I always wonder if dogs get jealous of man’s better half. I don’t have a dog, or a girlfriend for that matter, but I get anxiety just thinking about how I’d have to divide my attention between my dog, my woman, my side bitch, my side woman’s woman, and like 11 college basketball games that I bet on any given night. That dog’s gonna get jealous.
And what happens when a dog gets jealous? He straight up shoots your girl when she’s asleep.
A man told police that his dog was responsible for shooting his girlfriend while she was sleeping on Tuesday night.
Brian Murphy told officers that he let his dog, Diesel, outside after the animal woke him up and when they returned to the bedroom, the room was completely dark. Murphy told police that Diesel walked in before him, and that he then saw a flash and heard a bang.
Murphy’s girlfriend, Summer Miracle, had been shot in her sleep.
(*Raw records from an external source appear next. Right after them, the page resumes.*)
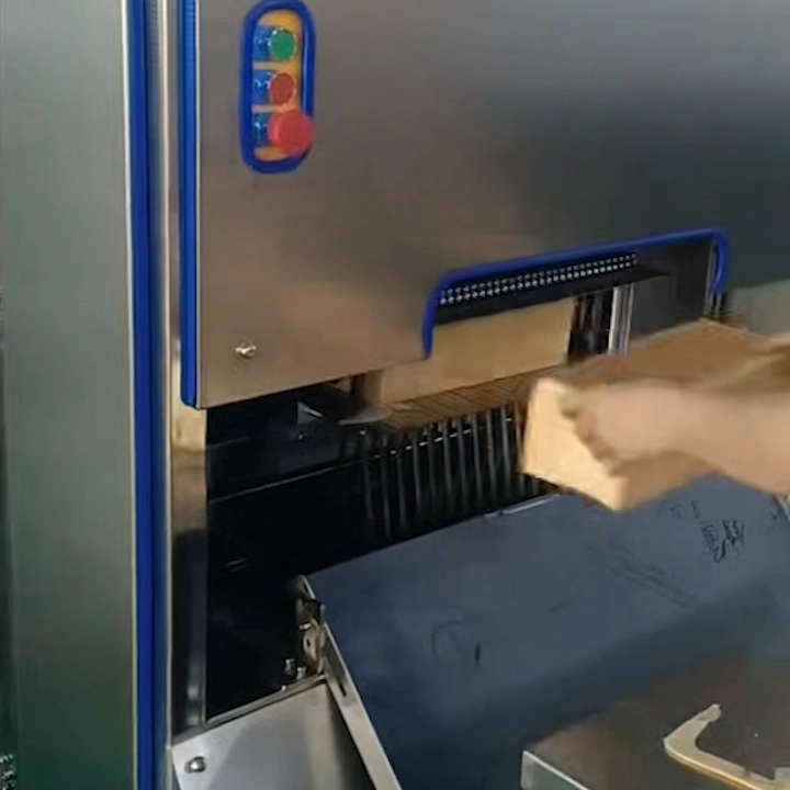 Answer: The slicing machine is equipped with imported high-quality band saw blades that are sharp, durable, and long-lasting for precise slicing.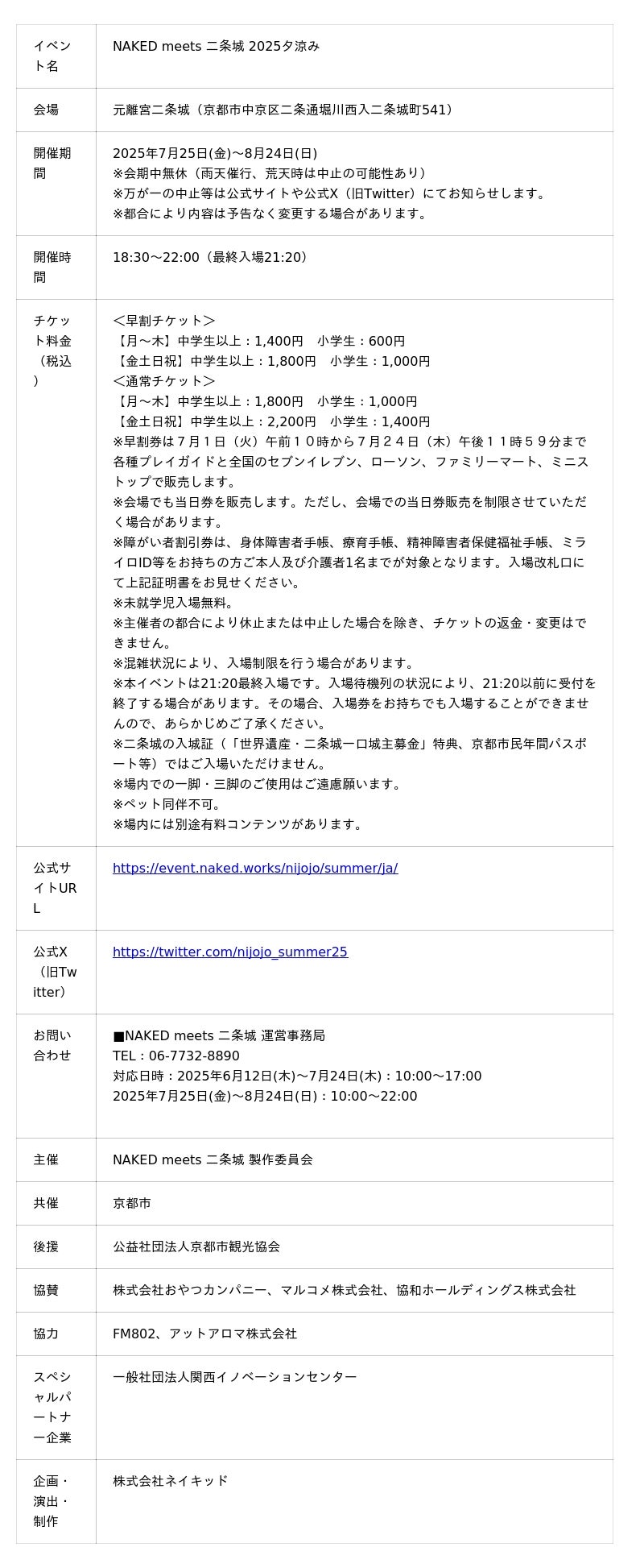 『NAKED meets 二条城 2025 夕涼み』開催概要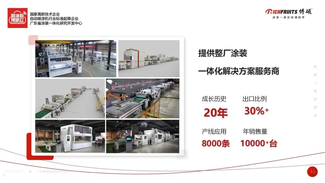 公司主导产品:平面涂装设备系列(辊涂、淋涂、膜压、打印、转印、平贴、包覆)、自动喷漆设备系列、油漆干燥设备系列(准分子肤感、EB固化设备、UV固化机、立体干燥房、冷红外干燥、IR干燥隧道)、机器人应用系列(喷漆、喷胶、喷粉、搬运)、自动化设备系列;针对不同的基材、涂料和工艺研制生产出环保、高效、高品质的各种数字化涂装生产线。
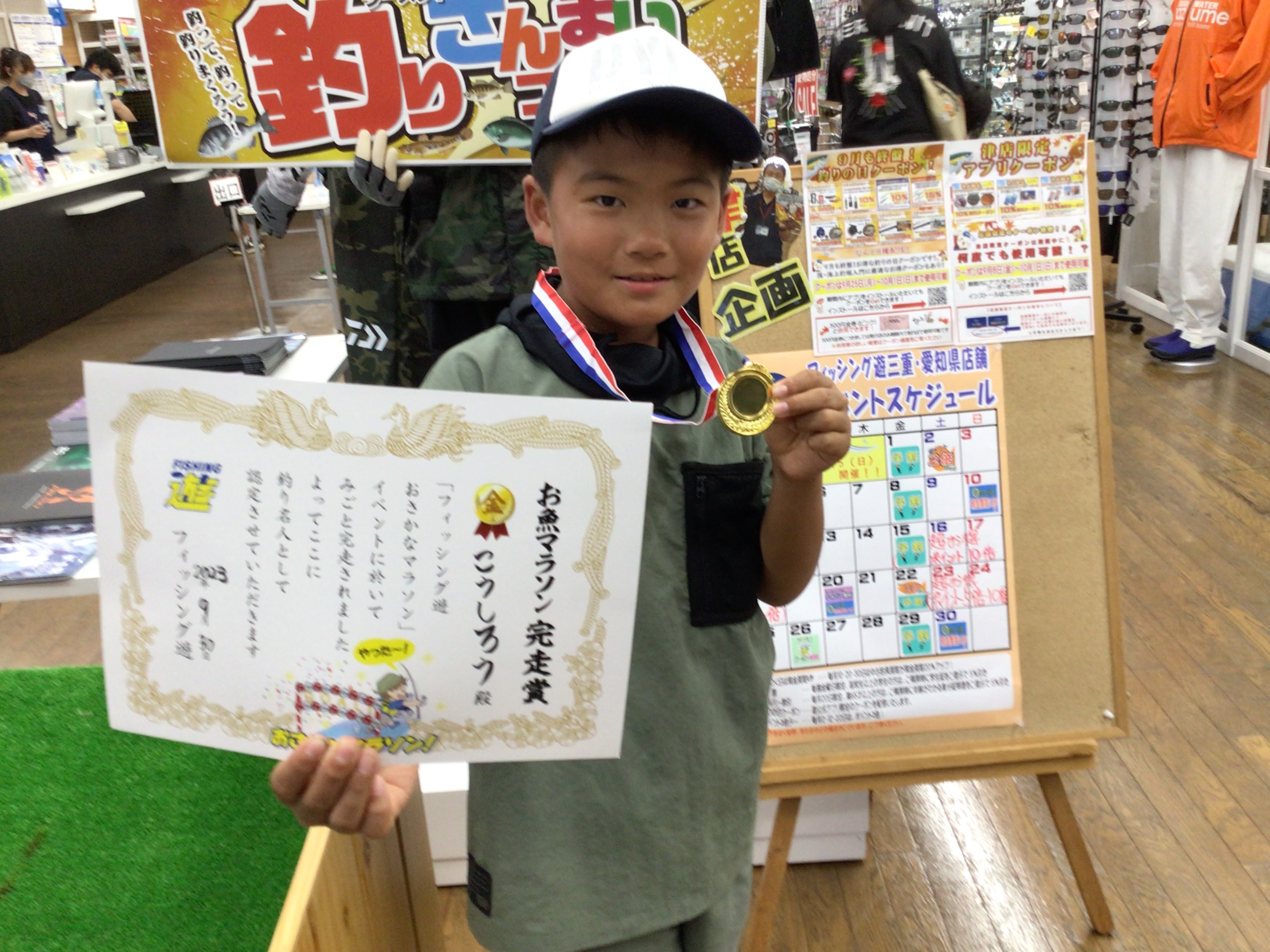 今回のお持ち込みでなんとおさかなマラソン完走!!金メダルと賞状のプレゼントです。

Murphy claimed that “Diesel jumped up on the nightstand, where (Murphy’s) gun was sitting, and it went off, shooting Summer in the right leg,” according to police.
Miracle told authorities she was asleep when the bullet struck her and that she wasn’t sure how she was shot.
WFOX reports that she was taken to the hospital with injuries that did not appear to be life-threatening
It’s an adage as old as time itself. Cops in Florida probably hear this shit like twenty times a day. The ol’ dog shot my girlfriend excuse. Classic.
This dog didn’t accidentally shoot her, bee tee dubs. This wasn’t an act of passion. He’s been planning this for weeks. Diesel ain’t nothing to fuck with. Now your girl is going to make you choose between her or the dog. Not like it’s Sophie’s Choice or anything. The dog wins 11 out of 10 times. Still, it’s not a conversation I’d look forward to having with my girl — especially one named Summer Miracle. Most Florida name of all time, who hundo p has to be a stripper, right?.